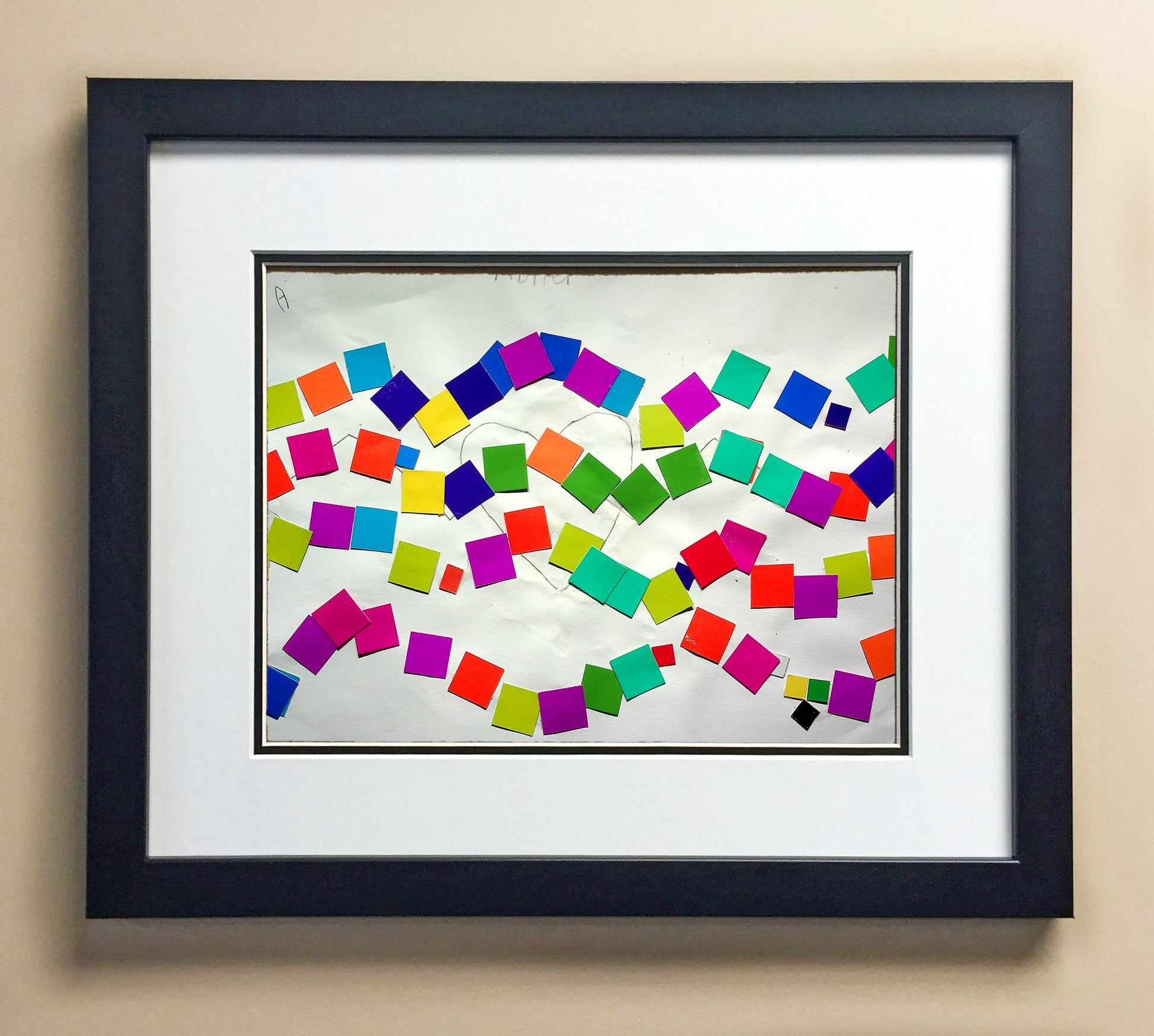 Included with the purchase is the Students Artwork, Frame, double matboard, shatter proof plexiglass, and a ready to hang backerboard with turnbuttons
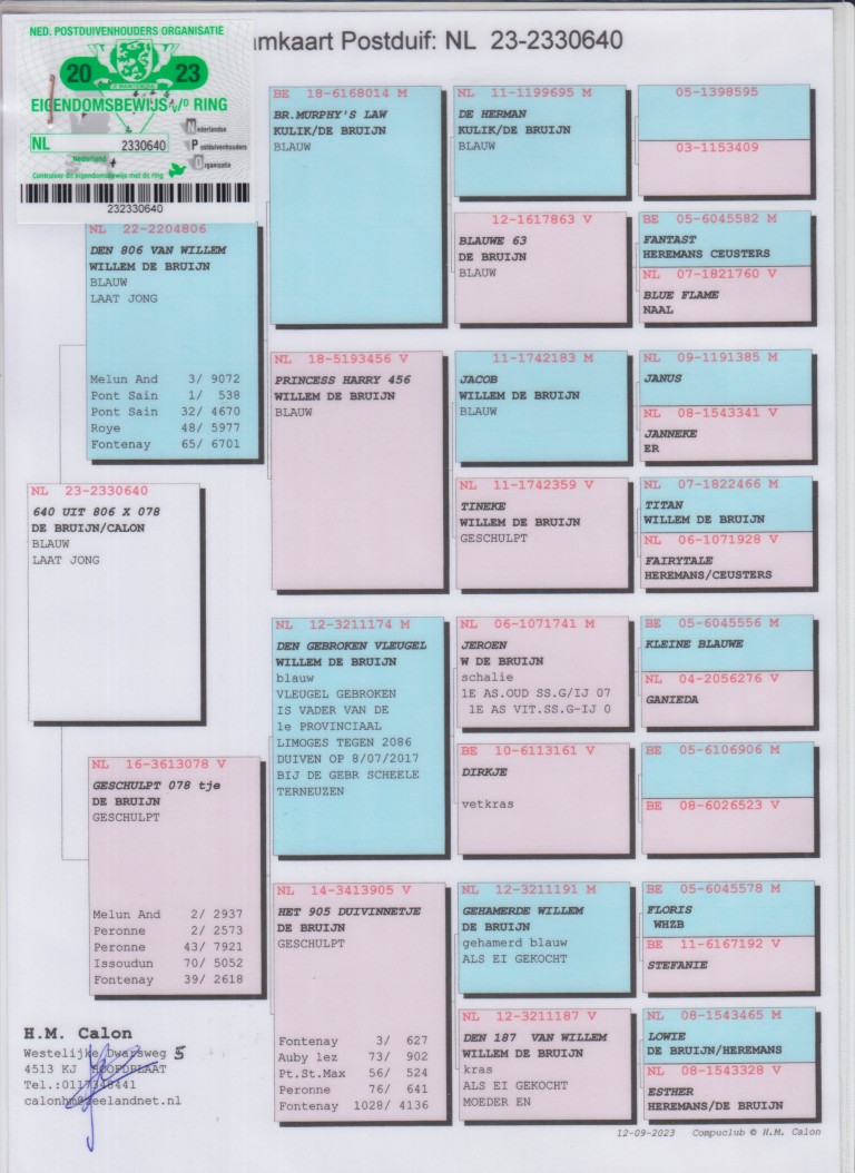 Uit: ”Den 806 van Willem”, 1.-538 d., 3. Prov. Melun 9.072 d., 100% Willem de Bruijn x ”Geschulpt 078 tje”, 2.-2.937 d., 2.-2.573 d., 1/2 zus 1. NPO Limoges 2.086 d., 75% Willem de Bruijn, uit zoon ”Jeroen”, 1. Asduif Samenspel
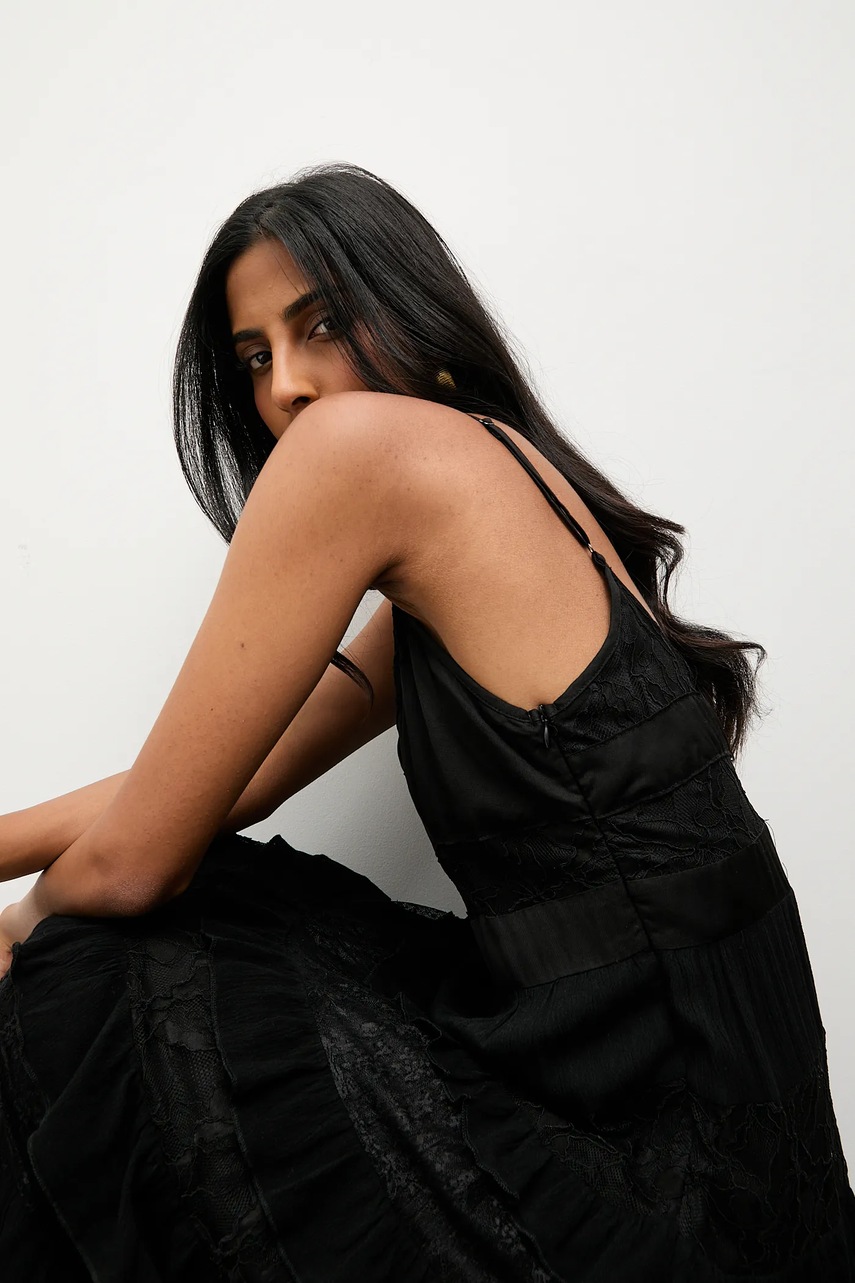 - Model z ozdobnymi falbanami.
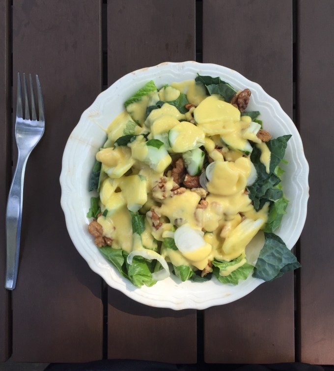 I decided for a salad with equal amounts of kale and romaine, Cipollini onion (pronounced chip-oh-lee-knee), small cucumber and generous amount of almonds.
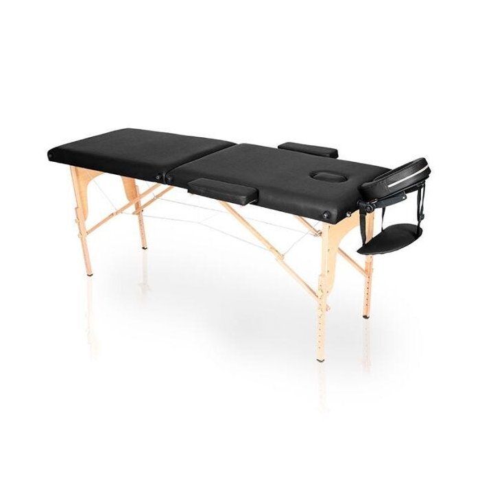 Possui regulagem de altura, orifício , apoio para cabeça com regulagem de inclinação e apoio para braços e frontal.
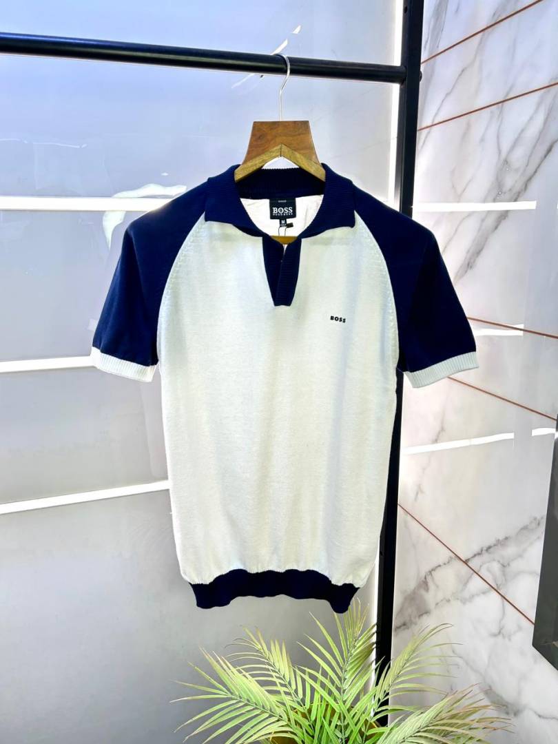 Boss Knitted Polo White Super Premium Collar Neck T-shirt F3132-W2

====

Word for word, copy all the entries above, but with no pictures.

▸ **Result**
 Included with the purchase is the Students Artwork, Frame, double matboard, shatter proof plexiglass, and a ready to hang backerboard with turnbuttons
 Uit: ”Den 806 van Willem”, 1.-538 d., 3. Prov. Melun 9.072 d., 100% Willem de Bruijn x ”Geschulpt 078 tje”, 2.-2.937 d., 2.-2.573 d., 1/2 zus 1. NPO Limoges 2.086 d., 75% Willem de Bruijn, uit zoon ”Jeroen”, 1. Asduif Samenspel
 - Model z ozdobnymi falbanami.
 I decided for a salad with equal amounts of kale and romaine, Cipollini onion (pronounced chip-oh-lee-knee), small cucumber and generous amount of almonds.
 Possui regulagem de altura, orifício , apoio para cabeça com regulagem de inclinação e apoio para braços e frontal.
 Boss Knitted Polo White Super Premium Collar Neck T-shirt F3132-W2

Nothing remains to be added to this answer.